Part of Advances in Neural Information Processing Systems 32 (NeurIPS 2019)

AuthorFeedback Bibtex MetaReview Metadata Paper Reviews Supplemental


Ahmed M. Alaa, Mihaela van der Schaar


Understanding the predictions of a machine learning model can be as crucial as the model's accuracy in many application domains. However, the black-box nature of most highly-accurate (complex) models is a major hindrance to their interpretability. To address this issue, we introduce the symbolic metamodeling framework — a general methodology for interpreting predictions by converting "black-box" models into "white-box" functions that are understandable to human subjects. A symbolic metamodel is a model of a model, i.e., a surrogate model of a trained (machine learning) model expressed through a succinct symbolic expression that comprises familiar mathematical functions and can be subjected to symbolic manipulation.
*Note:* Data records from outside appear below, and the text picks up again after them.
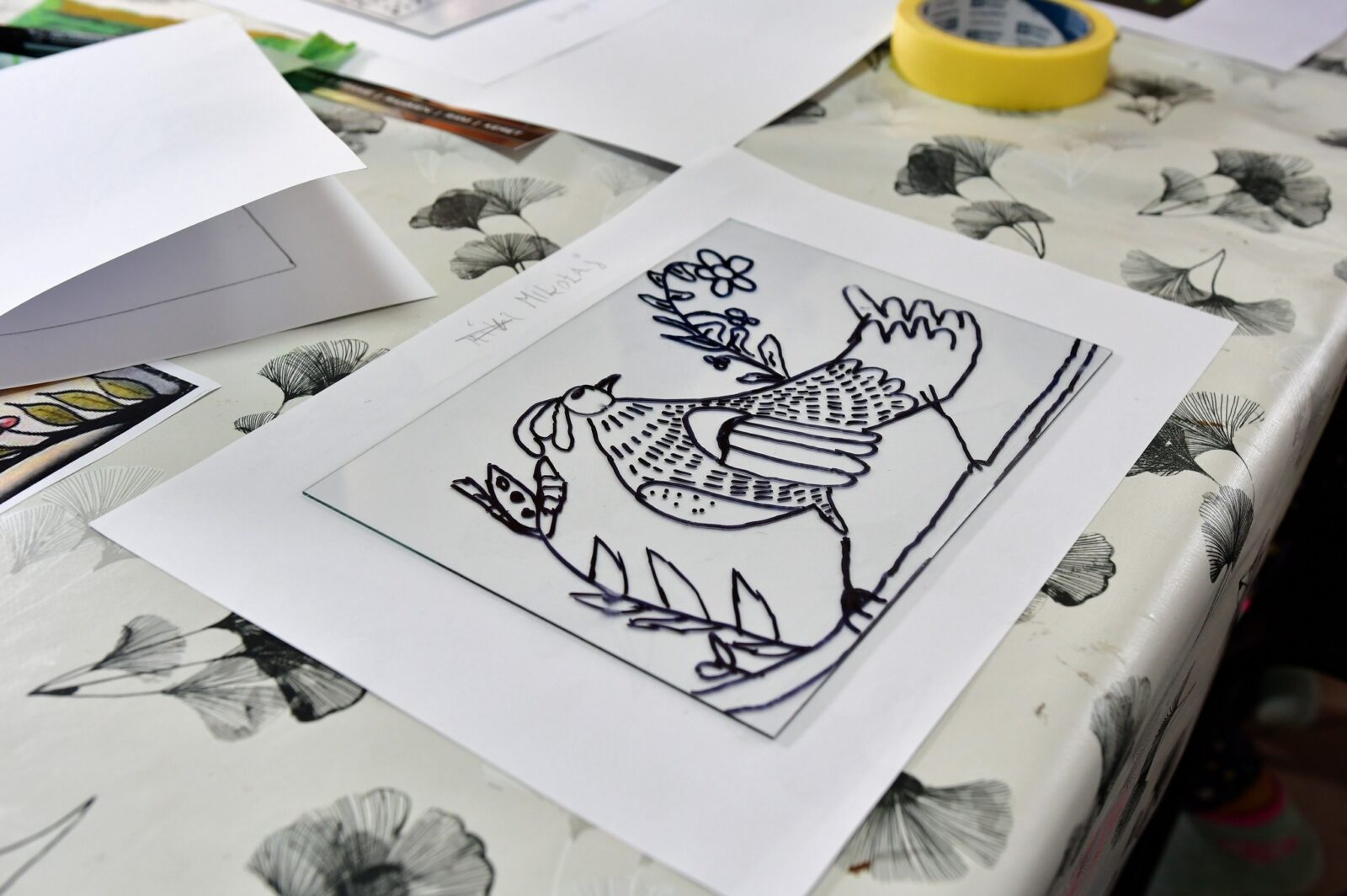 Na początku uczestnicy poznali tajniki tej wyjątkowej techniki, wywodzącej się z bogatej tradycji sztuki ludowej Borowiaków. Malowanie na szkle, niegdyś popularne w domach borowiackich, łączy w sobie prostotę wykonania z niezwykłym efektem barwnej głębi i świetlistości.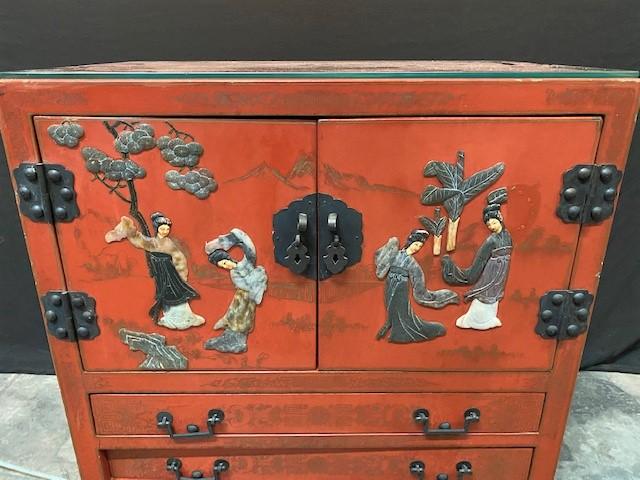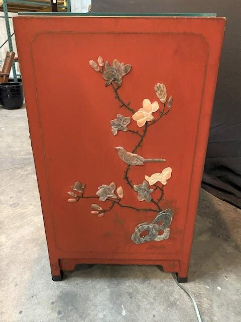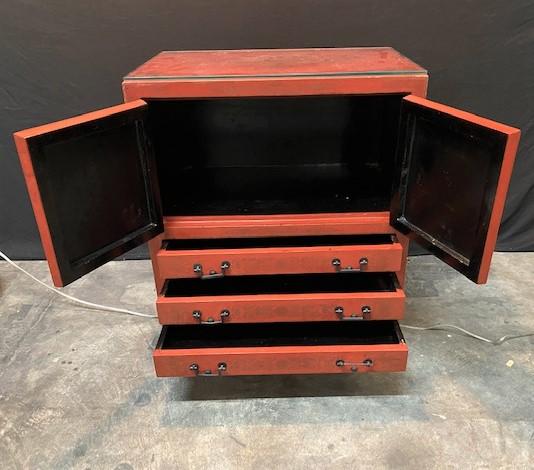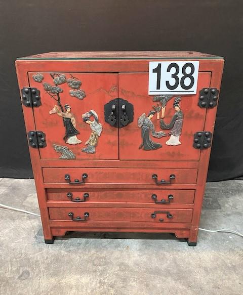 3 drawers, bifold doors. Appears to be jade & mother of pearl accents. Estimated weight of lot: 30lbs. Measurement: 28"H x 24W x 16 1/2"D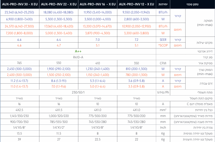 • כל המנועים (מדחס ומאווררים) בטכנולוגיית האינוורטר המתקדמת ביותר.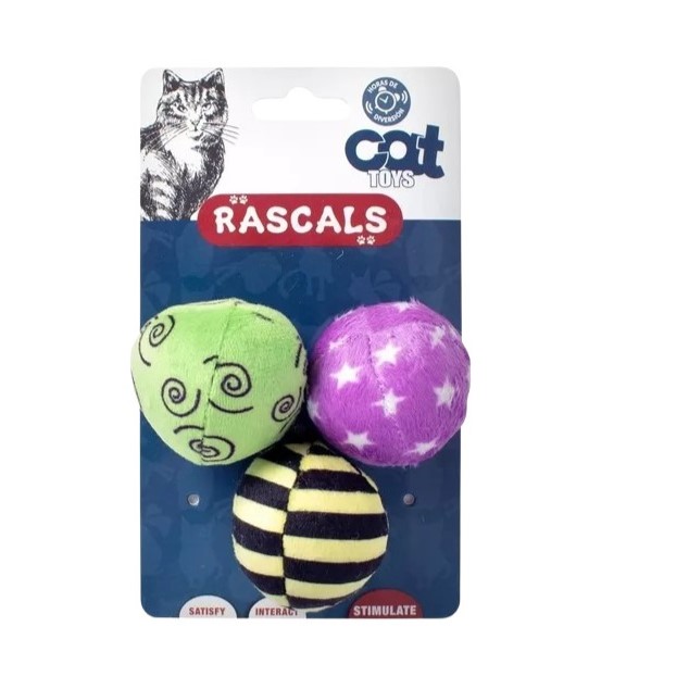 / PACK DE 3 PELOTAS PARA GATOS CON RELLENO Y HIERBA GATERA, EN BACKCARD

We parameterize symbolic metamodels using Meijer G-functions — a class of complex-valued contour integrals that depend on scalar parameters, and whose solutions reduce to familiar elementary, algebraic, analytic and closed-form functions for different parameter settings. This parameterization enables efficient optimization of metamodels via gradient descent, and allows discovering the functional forms learned by a machine learning model with minimal a priori assumptions. We show that symbolic metamodeling provides an all-encompassing framework for model interpretation — all common forms of global and local explanations of a model can be analytically derived from its symbolic metamodel.